In 1987, at the age of 66, he was still able to jump 12'6" in the pole vault, as high as any high school athlete in the state of New Hampshire. He was awarded the New Hampshire Male Athlete of the Year Trophy.
“I went to 105 different countries. I won records everywhere. I've been there, done that, got the T-shirt and caught malaria ... I would go to Canada, set a record, come home.
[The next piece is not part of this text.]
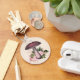 Hübscher Vintager Look Schlüsselanhänger-Design mit rosa gefärbtem Pilz mit rosa Blumen und üppig grünen Blätter auf Vintag gestreiftem Hintergrund
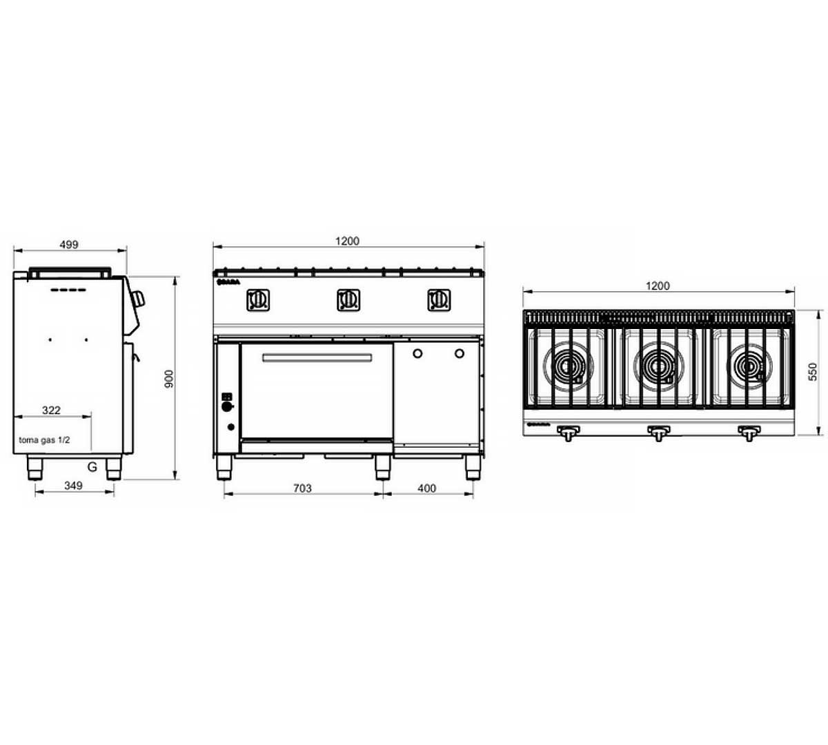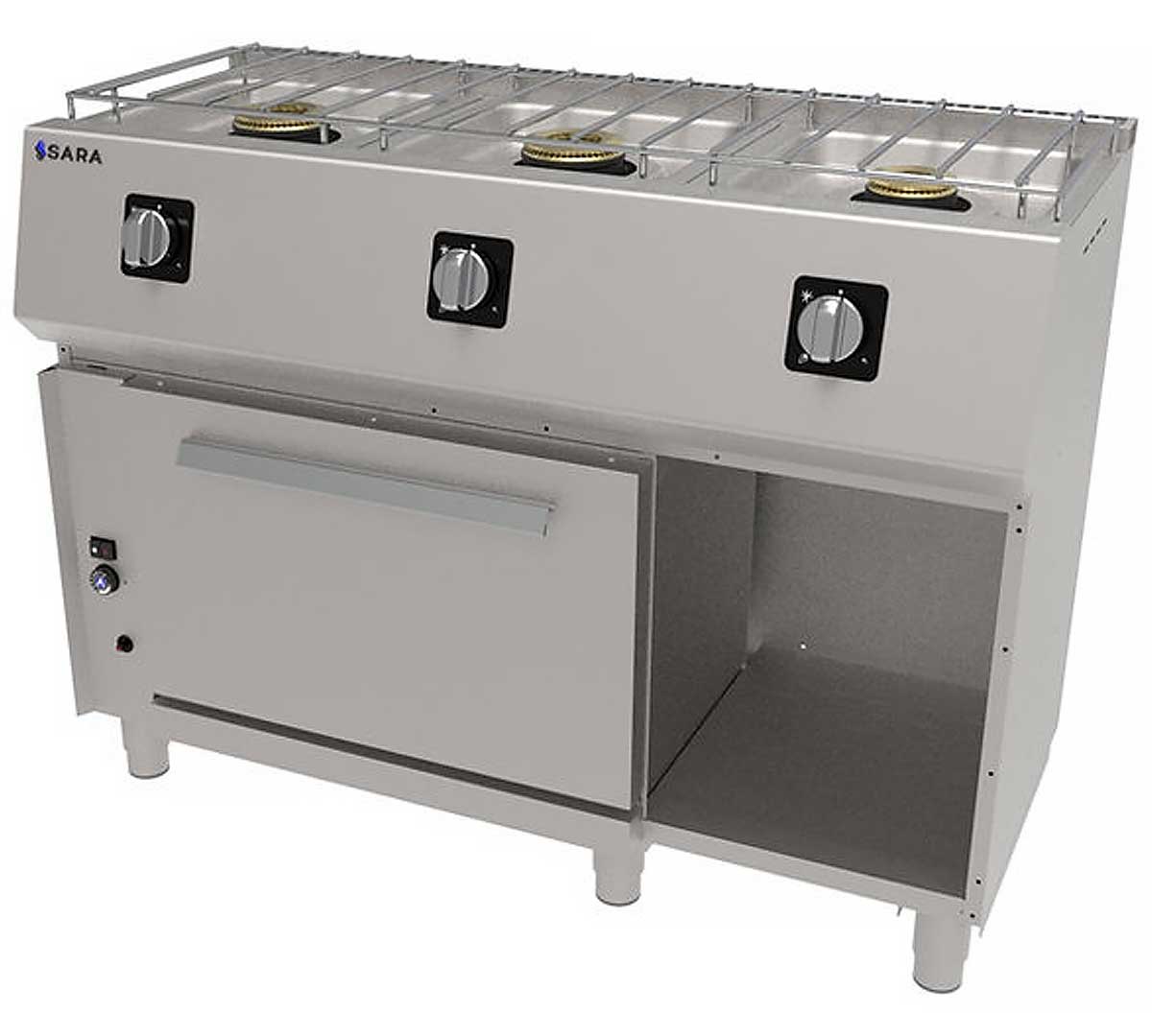 Este equipo de cocción profesional CGS-531 pertenece a la Serie 550 de SARA. Combina la potencia de tres quemadores de alto rendimiento con un horno de generosas dimensiones, ofreciendo versatilidad y fiabilidad en cada preparación.

My wife would have my bag packed, and 12 hours later I was in South America talking to Eva Peron ... When we get to heaven, we'll have a track meet, And everybody will be young and strong.”

==Author and historian==
Morcom was a member of Mensa International. He wrote articles on a range of subjects including the Hale family of New Hampshire and detailed antique bottles, which he was known as an expert in. He also took cover photos for magazines and created various other works of art.

== Personal life ==
Morcom was married for 19 years and had three children. He later moved to Sunapee, New Hampshire and retired from athletics in 2001 at the age of 80. He suffered a mild stroke and broken hip in 2003, but recovered and remained sharp. he died in New Hampshire the age of 91.